─── EXCERPTED DATA

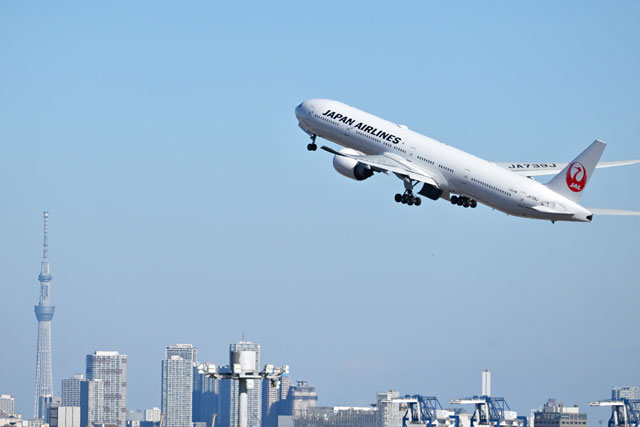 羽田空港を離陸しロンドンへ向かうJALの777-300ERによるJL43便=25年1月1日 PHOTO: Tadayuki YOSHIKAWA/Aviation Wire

──────
─── EXCERPTED DATA

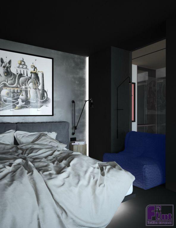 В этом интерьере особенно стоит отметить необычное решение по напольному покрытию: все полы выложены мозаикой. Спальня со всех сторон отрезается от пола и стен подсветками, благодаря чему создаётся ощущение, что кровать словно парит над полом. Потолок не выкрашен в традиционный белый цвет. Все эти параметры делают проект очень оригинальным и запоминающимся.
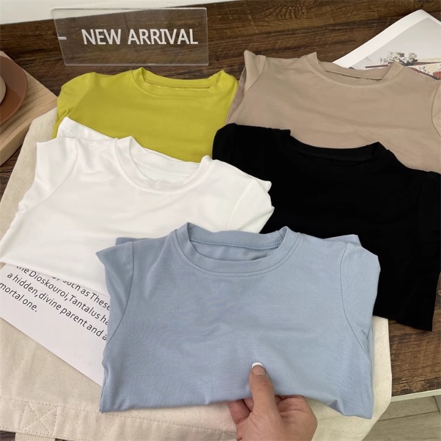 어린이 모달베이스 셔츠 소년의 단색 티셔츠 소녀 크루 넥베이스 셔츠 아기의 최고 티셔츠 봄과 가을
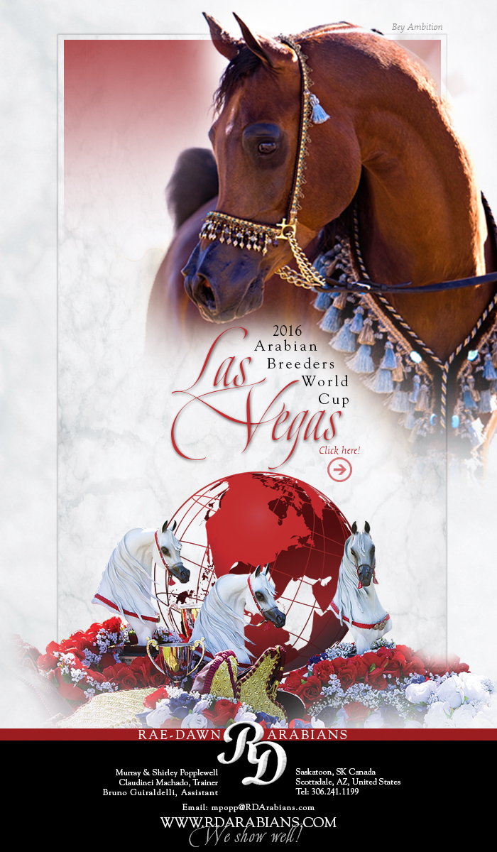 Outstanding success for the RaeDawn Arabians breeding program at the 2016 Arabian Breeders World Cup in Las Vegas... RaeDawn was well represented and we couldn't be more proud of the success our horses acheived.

──────

== WHAT YOU NEED TO DO ==
Your answer must be everything above from the line with "В этом интерьере" down to the line with "Outstanding success for", word for word, and no pictures.

== TASK RESPONSE ==
 В этом интерьере особенно стоит отметить необычное решение по напольному покрытию: все полы выложены мозаикой. Спальня со всех сторон отрезается от пола и стен подсветками, благодаря чему создаётся ощущение, что кровать словно парит над полом. Потолок не выкрашен в традиционный белый цвет. Все эти параметры делают проект очень оригинальным и запоминающимся.
 어린이 모달베이스 셔츠 소년의 단색 티셔츠 소녀 크루 넥베이스 셔츠 아기의 최고 티셔츠 봄과 가을
 Outstanding success for the RaeDawn Arabians breeding program at the 2016 Arabian Breeders World Cup in Las Vegas... RaeDawn was well represented and we couldn't be more proud of the success our horses acheived.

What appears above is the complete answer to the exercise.